601) Check column 11 of the household table. Record the line number and the age of each eligible child 0-5 years. If there are more than 6 children, use an additional questionnaire. The final weight and height measurements should be recorded in question 608, in question 613 for the anemia tests, and question 613A for malaria.

602) LINE NUMBER FROM COLUMN 11
NAME FROM COLUMN 2

LINE NUMBER____
NAME_______

603) What is (NAME)'s date of birth)?
IF THE MOTHER INTERVIEWED, COPY MONTH AND YEAR OF BIRTH FROM BIRTH HISTORY TABLE AND ASK DAY; IF MOTHER NOT INTERVIEWED, ASK:
What is (NAME)'s birth day?

DAY_____
MONTH_____
YEAR_____

604) CHECK 603: CHILD BORN IN JANUARY 2006 OR LATER?

YES 1
NO 2- (GO TO 603 FOR NEXT CHILD OR IF NO MORE CHILDREN, GO TO 700)

605) WEIGHT IN KILOGRAMS

KILOGRAMS____

606) HEIGHT IN CENTIMETERS

CENTIMETERS_______

607) MEASURED LYING DOWN OR STANDING UP?

LYING DOWN 1
STANDING UP 2

608) RESULT: MEASURE OF WEIGHT AND HEIGHT

MEASURED 1
ABSENT 2
REFUSED 3
OTHER 6

609) CHECK 603:
IF CHILD AGE 0-5 MONTHS, I.E. WAS CHILD BORN IN MONTH OF INTERVIEW OR FIVE PREVIOUS MONTHS?
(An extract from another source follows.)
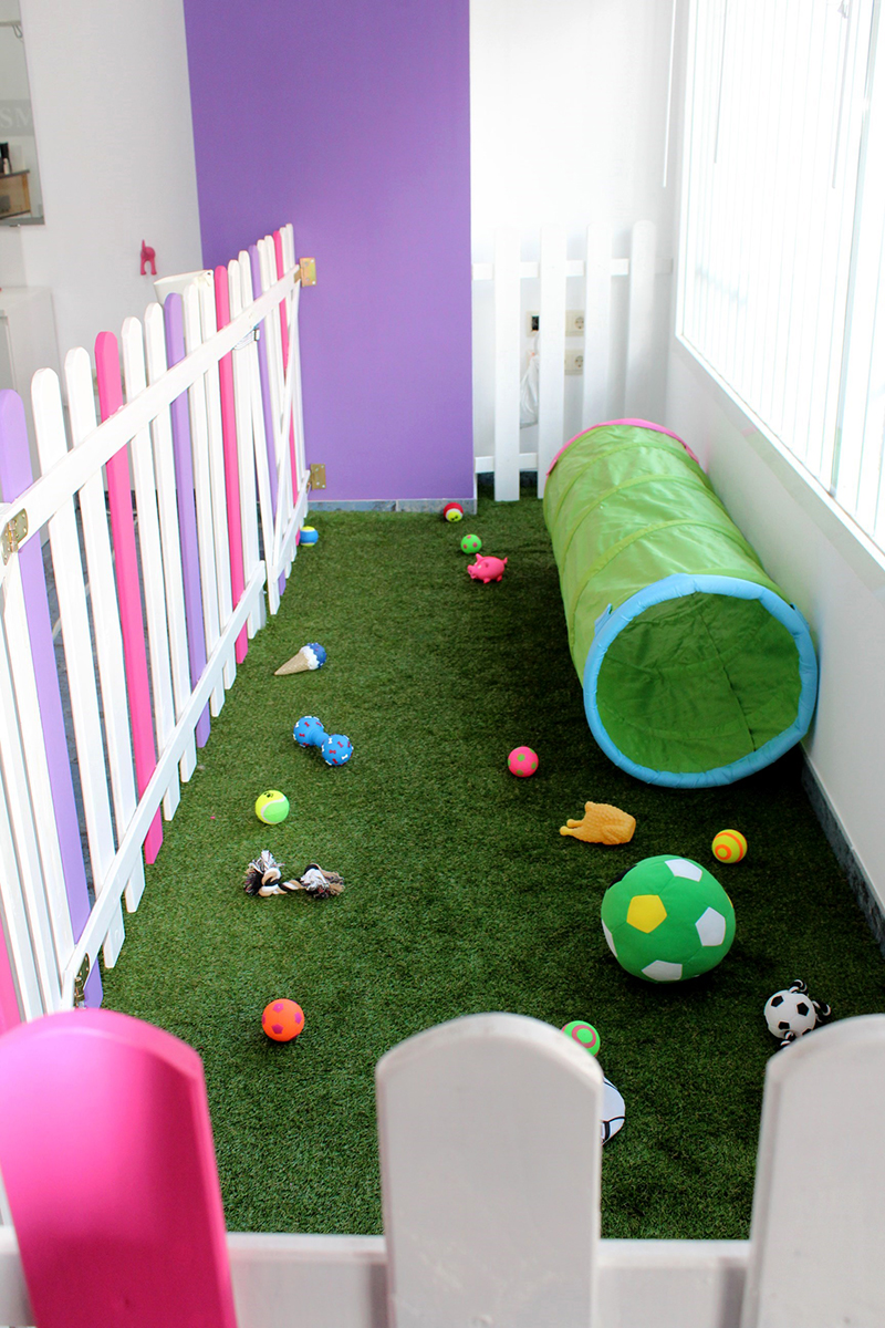 Tenemos zonas bien diferenciadas, dentro de un espacio diáfano, lo que da un ambiente luminoso, claro y fresco, y al mismo tiempo nos permite tener a los perretes un poco controlados.

0-5 MONTHS 1- (GO TO 603 FOR NEXT CHILD OR, IF NO MORE CHILDREN, GO TO 700)
OLDER 2

610) LINE NUMBER FROM PARENT/OTHER ADULT RESPONSIBLE FOR THE CHILD (COLUMN 1). RECORD 00 IF NOT LISTED.

LINE NUMBER______

LINE NUMBER FROM COLUMN 11
NAME FROM COLUMN 2

LINE NUMBER________
NAME________

611) READ THE DECLARATION OF CONSENT FOR THE ANEMIA AND MALARIA TEST TO THE PARENT/OTHER ADULT IDENTIFIED IN 610 AS RESPONSIBLE FOR CHILD.

Declaration of consent for anemia and malaria test

As part of this survey, we are asking people all over the country to take an anemia test. Anemia is a serious health problem that usually results from poor nutrition, infection, or chronic disease.

Within the framework of the survey, we are also doing a survey of malaria among children under age 5. As you may know, malaria is a serious health problem that results from an exposure to mosquito bites.

This survey will assist the government to develop and set up programs to prevent and treat anemia and malaria.

We ask that all children born in 2006 or later take part in anemia and malaria testing in this survey and give a few drops of blood from a finger or heel. For this test, the equipment used to take the blood is clean and completely safe. It has never been used before and will be thrown away after each test.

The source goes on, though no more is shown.